:: PROVIDED MATERIAL ::
*-*-*

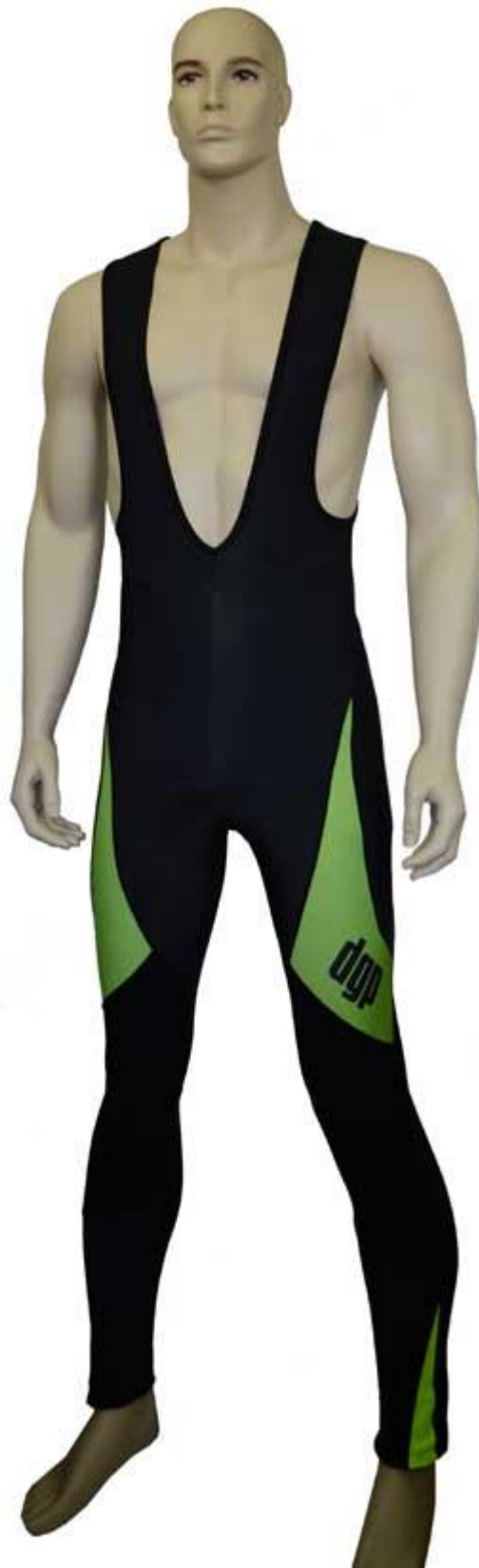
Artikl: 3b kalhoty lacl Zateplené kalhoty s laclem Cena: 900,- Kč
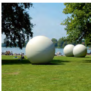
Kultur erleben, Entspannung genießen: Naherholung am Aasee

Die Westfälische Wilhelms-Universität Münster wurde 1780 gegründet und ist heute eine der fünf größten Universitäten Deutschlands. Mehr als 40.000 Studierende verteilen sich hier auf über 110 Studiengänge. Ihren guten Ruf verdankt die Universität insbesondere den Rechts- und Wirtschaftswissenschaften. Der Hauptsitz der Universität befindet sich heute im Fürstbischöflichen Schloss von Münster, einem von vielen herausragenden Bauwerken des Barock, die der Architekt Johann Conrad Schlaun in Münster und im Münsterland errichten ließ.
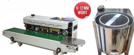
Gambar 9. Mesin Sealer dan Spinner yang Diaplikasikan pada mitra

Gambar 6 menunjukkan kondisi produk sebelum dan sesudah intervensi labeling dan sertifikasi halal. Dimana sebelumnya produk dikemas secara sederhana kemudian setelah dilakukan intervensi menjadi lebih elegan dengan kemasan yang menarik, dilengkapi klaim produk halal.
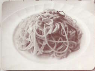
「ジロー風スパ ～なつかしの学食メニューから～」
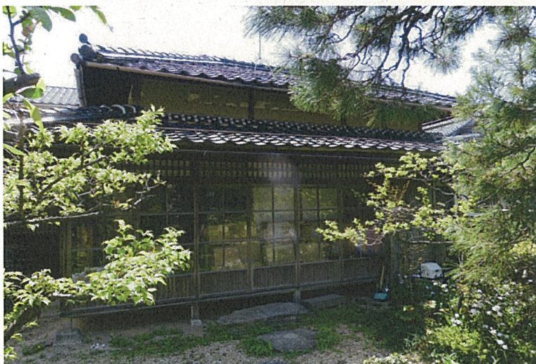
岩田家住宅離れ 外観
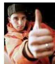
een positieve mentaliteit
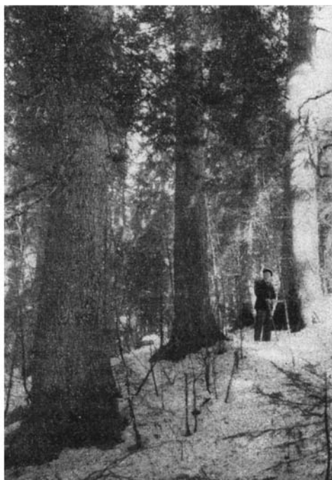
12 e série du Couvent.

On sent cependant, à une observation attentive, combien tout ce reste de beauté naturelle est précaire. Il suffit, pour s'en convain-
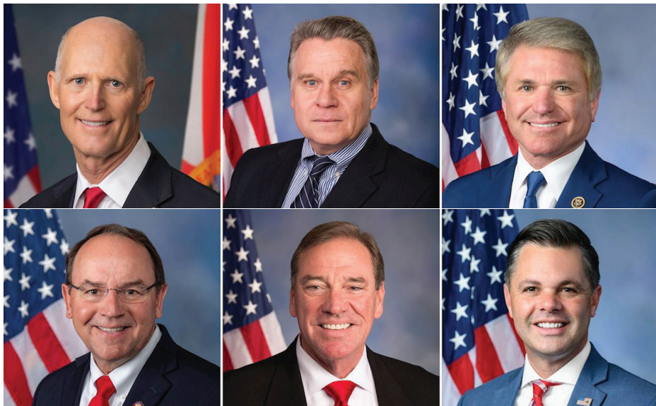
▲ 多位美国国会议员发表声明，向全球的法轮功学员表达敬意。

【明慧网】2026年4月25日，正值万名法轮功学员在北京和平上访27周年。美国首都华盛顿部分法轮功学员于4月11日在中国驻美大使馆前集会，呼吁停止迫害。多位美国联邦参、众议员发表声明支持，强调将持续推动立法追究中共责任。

*-*-*

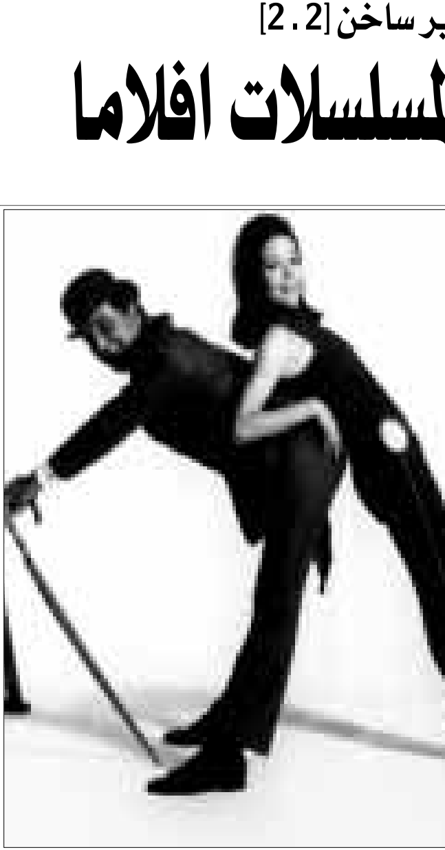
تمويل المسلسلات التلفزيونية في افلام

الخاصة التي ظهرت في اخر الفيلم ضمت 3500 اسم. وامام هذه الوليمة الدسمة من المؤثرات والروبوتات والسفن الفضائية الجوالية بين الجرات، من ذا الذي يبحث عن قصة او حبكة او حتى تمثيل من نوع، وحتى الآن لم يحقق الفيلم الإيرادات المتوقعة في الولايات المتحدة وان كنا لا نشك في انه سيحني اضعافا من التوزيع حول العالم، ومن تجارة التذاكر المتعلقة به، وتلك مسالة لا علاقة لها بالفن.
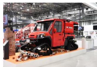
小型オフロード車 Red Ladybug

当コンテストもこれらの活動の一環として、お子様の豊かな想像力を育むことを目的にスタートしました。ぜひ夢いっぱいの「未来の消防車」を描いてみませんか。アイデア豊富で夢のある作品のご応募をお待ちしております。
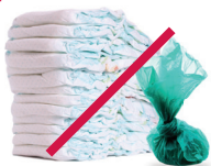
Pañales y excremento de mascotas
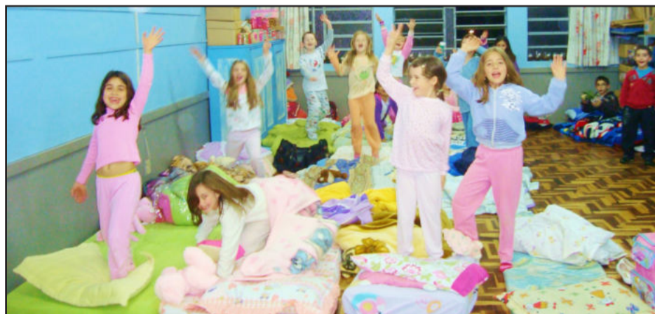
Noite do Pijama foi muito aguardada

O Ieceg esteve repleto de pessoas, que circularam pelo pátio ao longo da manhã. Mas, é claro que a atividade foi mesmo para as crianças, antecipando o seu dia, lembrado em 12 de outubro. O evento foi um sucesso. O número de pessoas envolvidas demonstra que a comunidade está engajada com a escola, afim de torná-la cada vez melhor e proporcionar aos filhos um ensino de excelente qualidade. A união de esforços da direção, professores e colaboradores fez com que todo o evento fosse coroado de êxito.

*-*-*

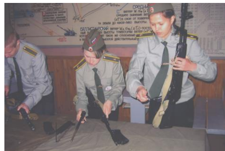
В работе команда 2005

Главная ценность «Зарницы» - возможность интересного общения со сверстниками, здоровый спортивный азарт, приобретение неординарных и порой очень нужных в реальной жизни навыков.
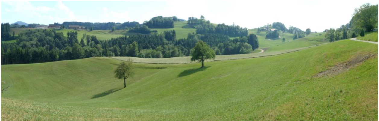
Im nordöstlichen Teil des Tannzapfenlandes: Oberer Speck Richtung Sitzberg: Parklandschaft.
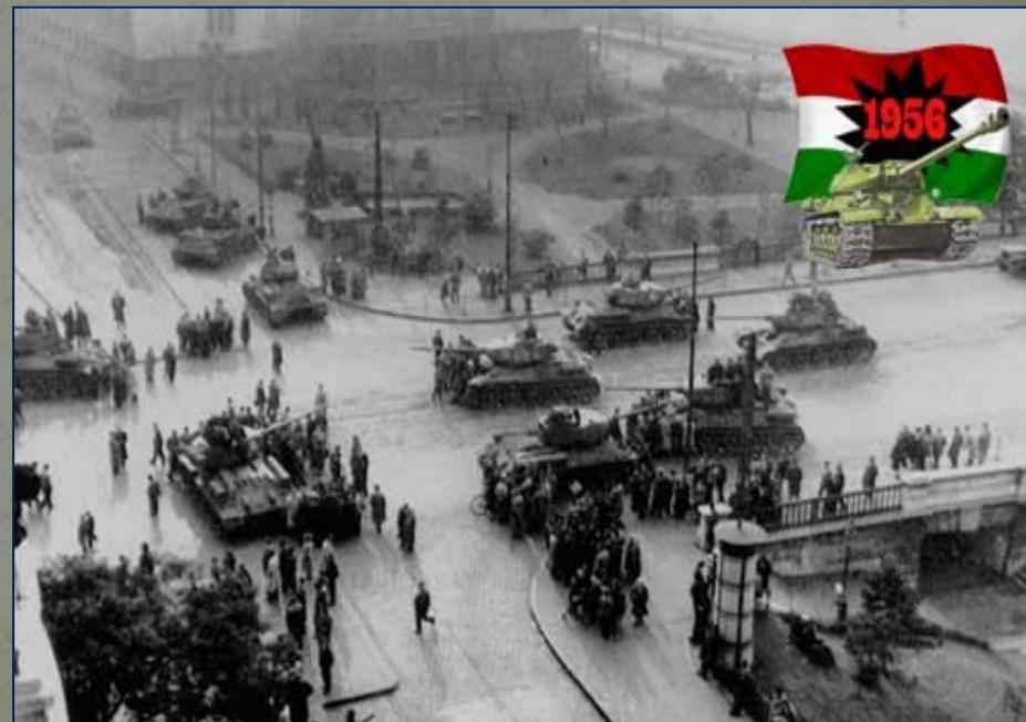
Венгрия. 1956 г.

*-*-*

In the listing above, find the line with "В работе команда 2005" and the line with "Венгрия. 1956 г.". Transcribe those two and everything between, exactly, leaving out pictures.

В работе команда 2005

Главная ценность «Зарницы» - возможность интересного общения со сверстниками, здоровый спортивный азарт, приобретение неординарных и порой очень нужных в реальной жизни навыков.
Im nordöstlichen Teil des Tannzapfenlandes: Oberer Speck Richtung Sitzberg: Parklandschaft.
Венгрия. 1956 г.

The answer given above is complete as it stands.